I revisited this in a recent video for "files in repos", goes through the library development approach. Take a look and let me know if that covers your questions! ruclips.net/video/nN-NPnfJLNY/видео.html Simon
thanks for this video, it's very useful! - i've got two questions :) 1. when you set it up, you already had a project in devops and the notebooks got pushed from devops to databricks? is it possible to do it the other way around? eg i have a bunch of notebooks in databricks and i want to set up source control - i want all of the notebooks in databricks to be pushed to devops automatically when the source control is set up - can it be done? or do i have to add them manually and move them to the repo? 2. also when it comes to CI/CD in azure devops - is there a simple way to not only deploy notebooks to different workspaces but also deploy actual databricks objects such as eg tables? eg there would be a script that checks if a table exists and if not it creates it or alters it if there are fields missing? Thanks!

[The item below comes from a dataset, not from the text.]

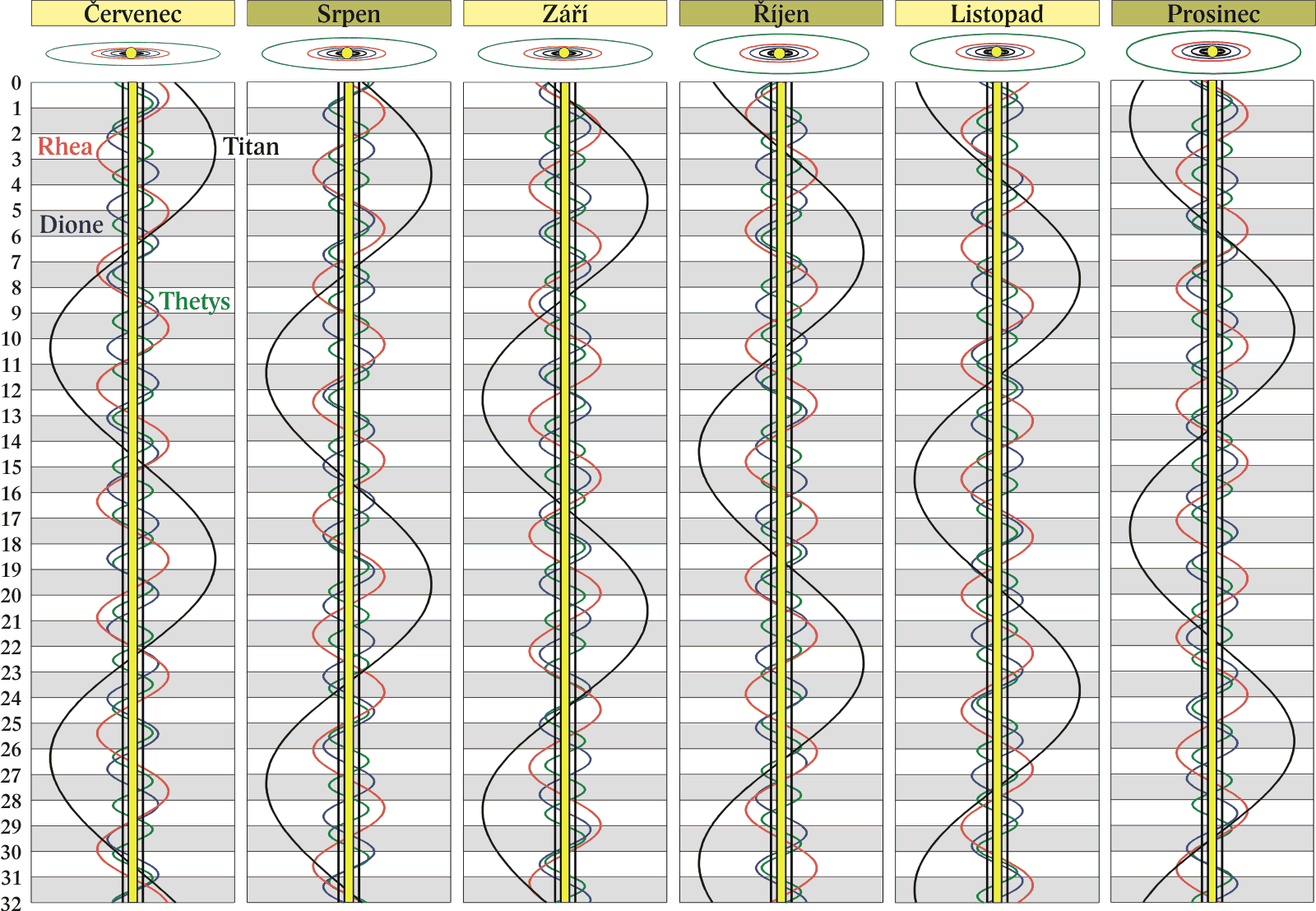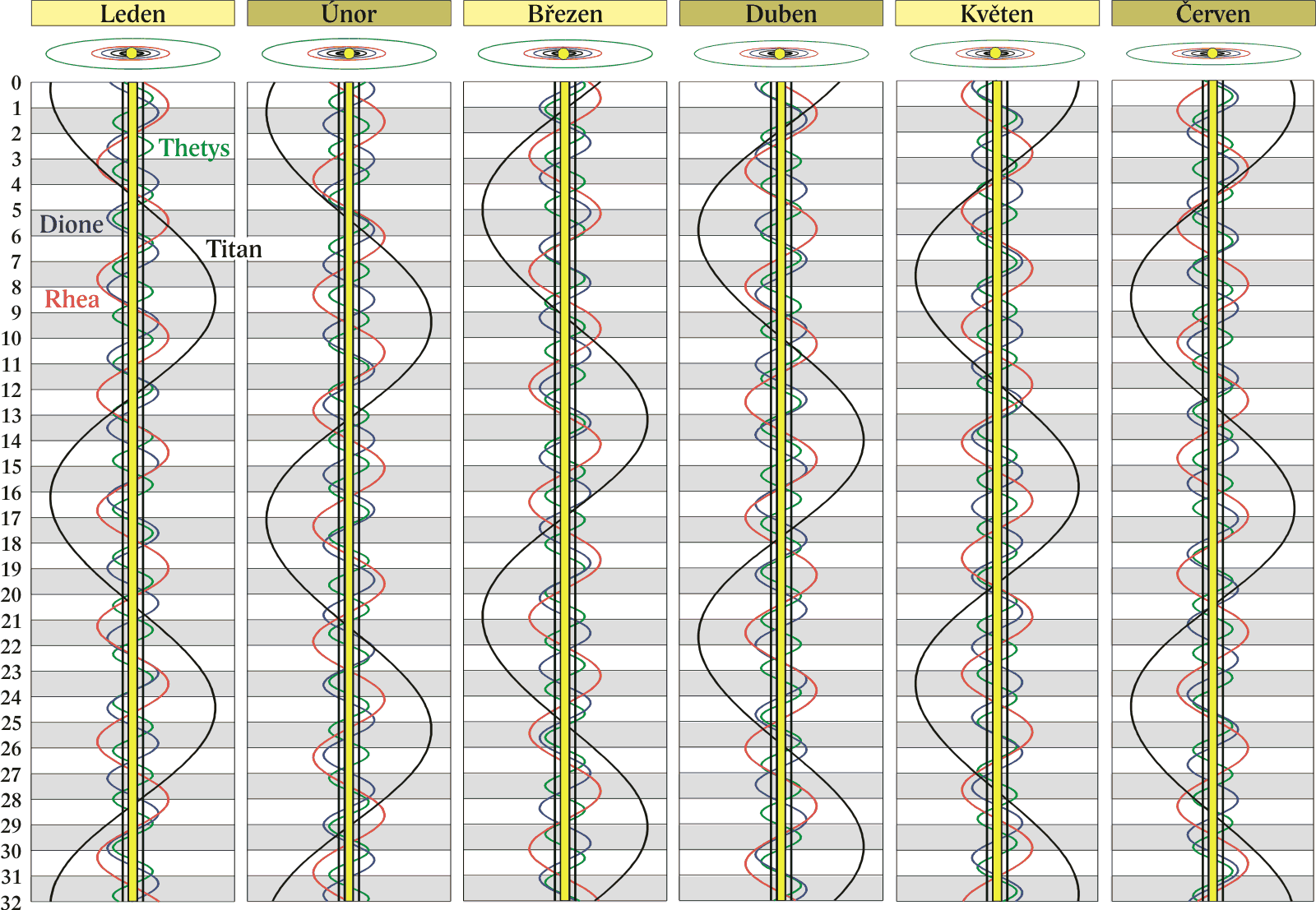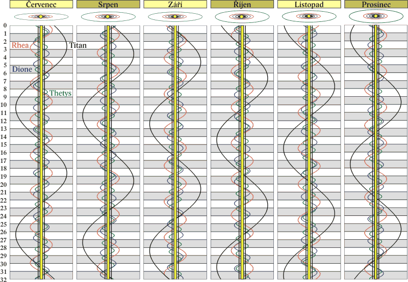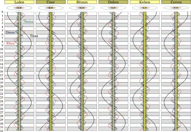 Grafy poloh čtyř největších měsíců Saturna.

Great video! Works for my case even when our repo is integrated with other code base. This is due to how we deploy code via IaC. It would be nice if I could point to a sub folder in the repo. Cleaner.
This is a wonderful video, but I have a doubt: Does "Databricks SQL ANALYTICS" work with REPOS too? Is there a way to store in a secure place all my queries and dashboards?

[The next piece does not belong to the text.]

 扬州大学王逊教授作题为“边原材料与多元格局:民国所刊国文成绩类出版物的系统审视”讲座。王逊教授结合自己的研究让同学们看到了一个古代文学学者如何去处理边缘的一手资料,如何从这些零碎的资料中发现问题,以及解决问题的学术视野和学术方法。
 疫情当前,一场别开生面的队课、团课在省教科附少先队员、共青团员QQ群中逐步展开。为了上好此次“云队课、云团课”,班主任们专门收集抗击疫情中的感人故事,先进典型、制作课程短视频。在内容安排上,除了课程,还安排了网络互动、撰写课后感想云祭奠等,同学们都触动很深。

Depressingly, no. There's no source control integration within Databricks SQL - it does maintain a history of your various query objects, but they're all held within databricks itself, rather than integrating back to Git. It guess it's the same thing we've seen with other "business facing BI tools" where the assumption is that data analysts don't "get" source control.... would be nice to have the option though!
Thanks for this great video! If I understand correctly, the Repos don‘t replace the Workspace? Could you explain or share some resources, how to release the (main?) branch in the workspace?
Just as a short follow up. I can see and access notebooks in ADF, when I link the workspace as a source. Are there any objections to use notebook in production like this? (I didn‘t try autoloaders yet...)
Great video, I’m also wondering about the %run notebook functionality. How would that work inside the git repo? It will work with relative path but not absolute patch?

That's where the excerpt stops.